Fisher, who played Leia Organa in the original “Star Wars” trilogy, reprised her role for this year’s epic sequel, “Star Wars: The Force Awakens.” Just to give any other online ageist weirdos out there some perspective, the very first “Star Wars” came out in 1977, 38 years ago, when Fisher was about 21 years old. Unless she was frozen in carbonite, fans should expect some wear.
The other issue is many diehard “Star Wars” freaks (who are now ancient themselves, but don’t want to admit it) are used to seeing Fisher in her skimpy slave outfit. Meanwhile, they didn’t raise an eyebrow at how gray Harrison Ford looks in his traditional Han Solo outfit. Just because he doesn’t look as handsome doesn’t mean he’s any less dashing, apparently.
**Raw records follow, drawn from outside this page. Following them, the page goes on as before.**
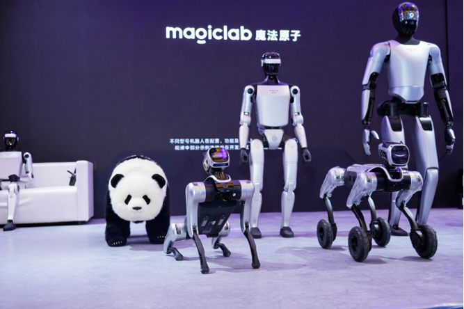 在魔法原子展台,两款面向工业场景的机器人产品——人形机器人MagicBot Gen1与四足机器人MagicDog Y1 同步亮相,集中展示该公司在工业场景中的产品布局与技术实力。
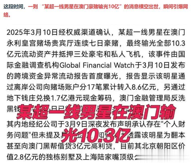 直到后来一则“超一线明星豪赌”的大瓜被曝出,也让他被扯了进来。
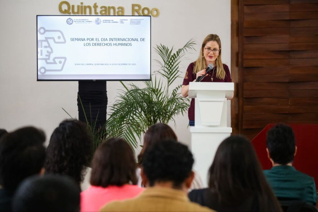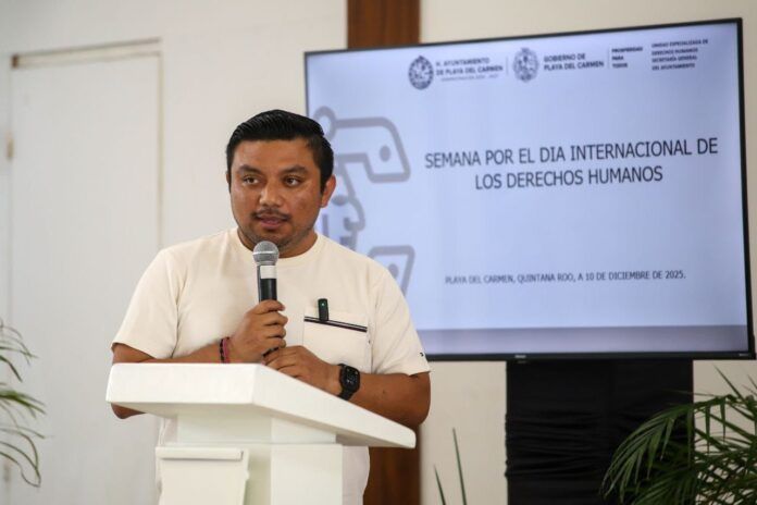“Los derechos humanos no son para celebrar, son para ejercer, garantizar y proteger”, afirmó el secretario general del Ayuntamiento, Luis Herrera Quiam, al inaugurar la Semana por el Día Internacional de los Derechos Humanos, en representación de la presidenta municipal Estefanía Mercado.
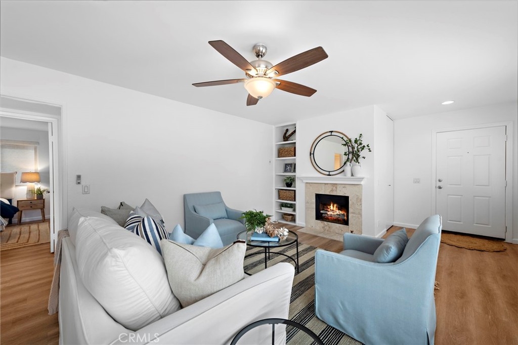 Welcome to this ideally located seaside condo in the heart of San Clemente’s renowned Pier Bowl neighborhood—just steps from the beach, the San Clemente Pier, and the scenic Beach Trail. Enjoy close proximity to renowned surf spots including T-Street and Trestles, as well as local parks, the Historic Casa Romantica cultural center and garden, restaurants, and shopping. This private, single-level residence is located on the main floor for easy access and features 2 bedrooms and 2 bathrooms. The updated kitchen includes newer cabinetry, quartz countertops, a breakfast bar, and a dining area. The living room offers a cozy atmosphere with a fireplace, ideal for relaxing or entertaining. Additional features include light wood flooring, updated lighting, and fresh interior paint throughout. The spacious primary suite includes a private bathroom with both tub and shower, while the second bathroom has been recently remodeled. Residents also enjoy easy access to a shared sun deck, ideal for outdoor lounging or gathering. Just across the street, Linda Lane Park offers green space and a playground. This home is within walking distance to downtown Avenida Del Mar with its variety of dining, boutiques, and seasonal community events. 3 different accesses to the beach and beach trails. Includes two parking spaces, one of which is in a gated underground garage. The HOA covers water, trash and sewer.
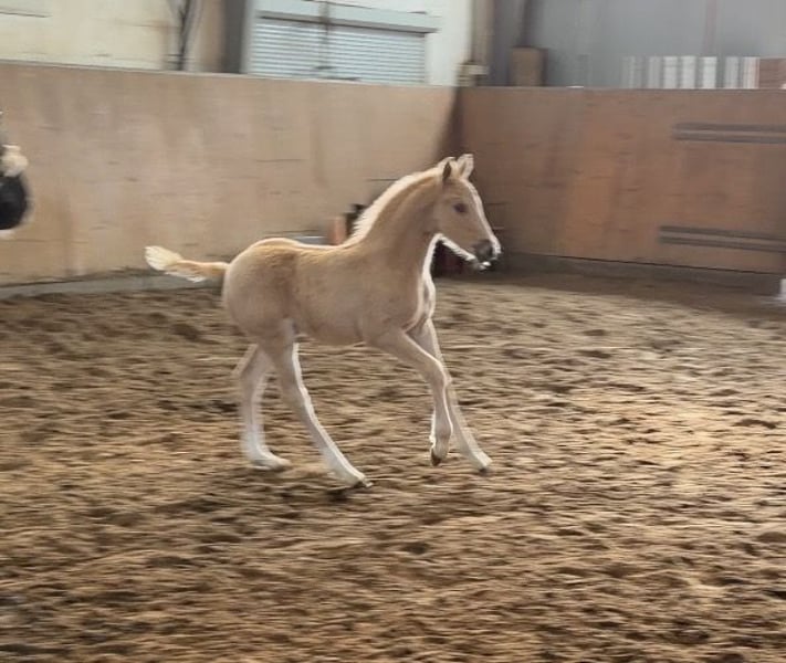 Dieser Palominohengst ist voller Freude : Hallo ich bin noch jung , aber ich bin schon recht selbstbewusst . Angst habe ich nicht - ich trabe auf dem Weg zur Weide gern vorweg ! Mit macht es soviel Spaß mich zupräsentierenn- the Show must go on - ich habe sehr viel Takt und „ Riss“ - dh ich zeige mich immer in Angebermanier - warum - weil es mir Spaß macht und ich so toll traben kann 😄😉 Aber auch mein Galopp ist sehr eindrucksvoll und immer bergauf ….. Jaaaaa ich möchte ein Hengst werden - zur Körung … Seht - schaut her - so bin ich . Da ich meinen Schwerpunkt wohl inder Dressur habe und ich überall gut sein möchte - übe ich auch schon mal das Springen …, Luftsprünge machen einfach Spaß . Zum Glück bin ich immer auf der Weide - wenn wir aus dem Stall zur Weide gehen , dann platze ich fast vor Freude . Herrlich - ich liebe das Leben . Wer mich kaufen möchte wird sicher viel Freude an mir haben und dann rocken wir das Viereck zusammen , wenn ich groß bin 🏆
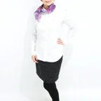 65cm×65cmの小判スカーフで、アスコットタイのようにシャツやブラウスの中におさめて使うこともできます。室内でも巻いたままでいられるので使いやすくなっています。
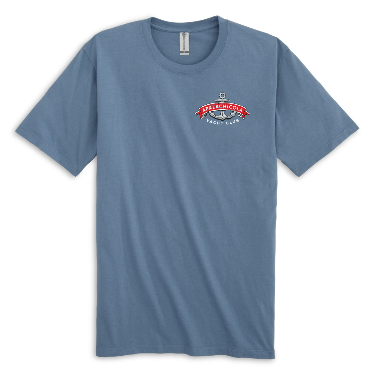 The Flagship Tee features our signature maritime flag design on the back, and is emblazoned with our iconic Apalachicola Yacht Club logo on the front.
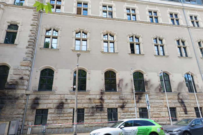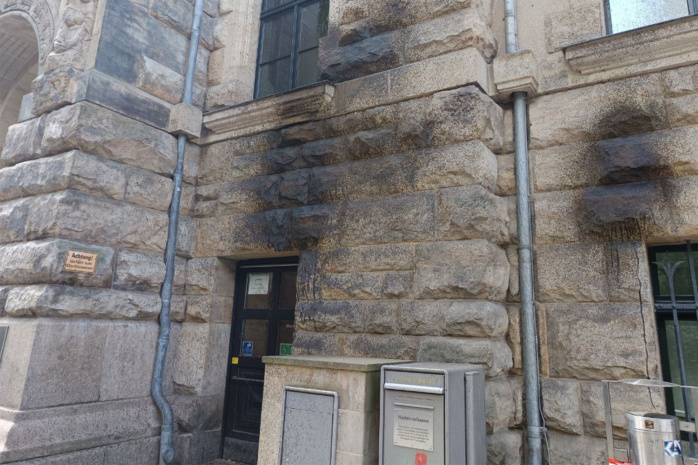 Unbekannte Täter*innen verursachten in der Nacht von Sonntag auf Montag Schäden am Gebäude des Leipziger Amtsgerichts in der Bernhard-Göring-Straße. Mit schwarzem Pech wurde die Fassade des Hauses besprüht, eine Tür und ein Fenster beschädigt.

To that Fisher quipped, “Men don’t age better than women, they’re just allowed to age.”
And let’s get one thing straight here: If Leia Organa wasn’t played by Carrie Fisher in the original “Star Wars” films, they would have lacked punch. And, this most recent sequel would have lacked gusto, too (despite Daisy Ridley’s amazing performance/character). In it, Fisher plays the resilient leader of the rebellion and it really kicks. That’s because Fisher, who has time and again proven that she doesn’t play the damsel in distress, gives “Star Wars” it’s added Force power by leveling the playing field. All of the film’s characters are strong, male or female.
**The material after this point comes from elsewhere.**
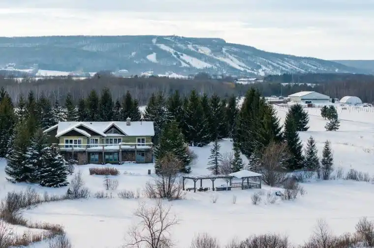 Set across 95 breathtaking acres, this extraordinary equestrian estate offers a rare opportunity to live in harmony with nature while remaining moments from the best of Southern Georgian Bay. Just minutes from downtown Collingwood, steps to Osler Brook Golf Club, and a short drive to Osler Bluff Ski Club, the property seamlessly blends rural tranquillity with year-round recreation. At the heart of the estate, a beautifully crafted custom log bungalow with full lower walkout captures a warm, timeless elegance, with interiors designed to welcome natural light and frame peaceful views of the surrounding landscape. Purpose-built for the equestrian lifestyle, a 14,000 sq. ft. heated barn with nine stalls and an indoor riding arena anchors the property, complemented by outdoor paddocks, open hay fields, and over 30 acres of forested trails-ideal for riding, walking, and quiet exploration. Sweeping vistas toward Osler Bluff complete the experience, creating a setting that feels both expansive and deeply personal. This is more than a home-it is a way of life, where mornings begin in nature, afternoons are spent riding or exploring the land, and evenings return you to comfort, privacy and connection. A truly rare offering, this estate invites you to slow down, breathe deeply and embrace the beauty of life lived outdoors, without sacrificing proximity to golf, skiing and the vibrant community of Collingwood.
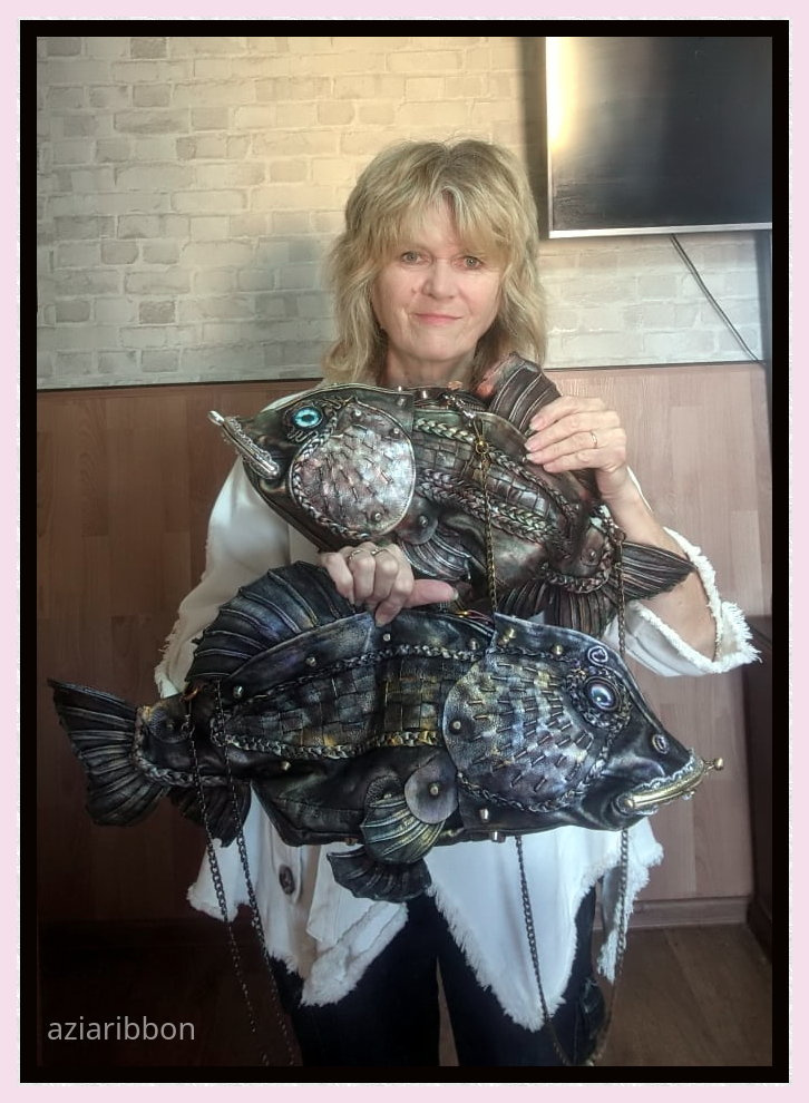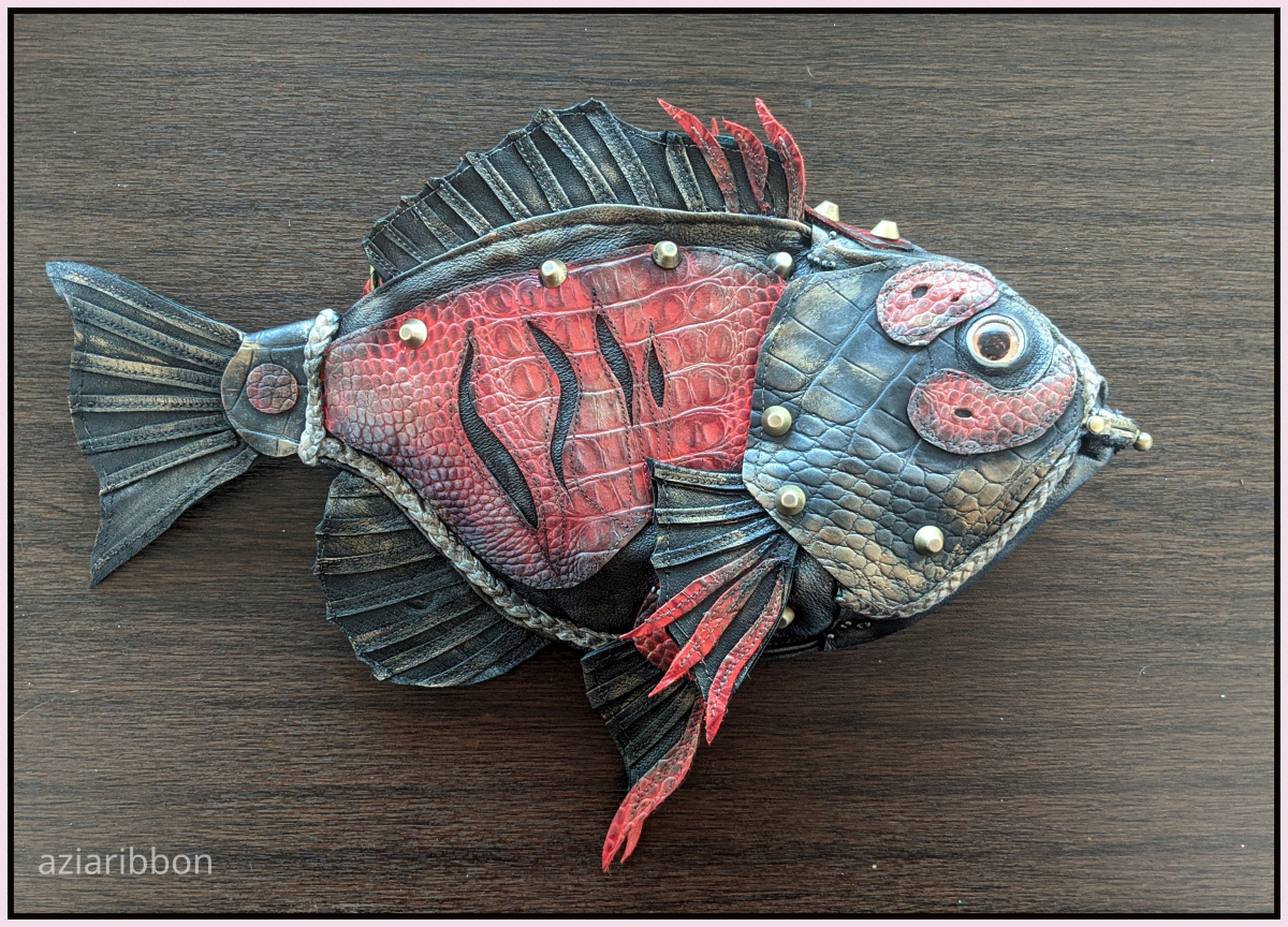 А пока самовыражаюсь на крупняке — кожаных сумках. Рыб сделала много, всякого-разного размера и видов.

To help Daisy Ridley’s Rey become even more powerful in this set of sequels, Fisher has beseeched her to never wear anything resembling that pesky aforementioned slave outfit. Fisher wore it in the original trilogy’s final chapter, “Return of the Jedi,” when Leia was captured and sold to slimy crime boss, Jabba the Hutt. Essentially, to further the plot, Fisher was inadvertently turned into eye candy and she has regretted the move ever since.
Recently, official “slave girl” action figurines have outraged parents, meaning Fisher has gotten a lot of flak. She has since been warning Ridley of “The Force Awakens” to not make the same mistake. Entertainment Weekly explained in October that Fisher told Ridley, “Don’t be a slave like I was … keep fighting against that slave outfit.” Yep, keep fighting. That’s what Fisher (and Leia) would do.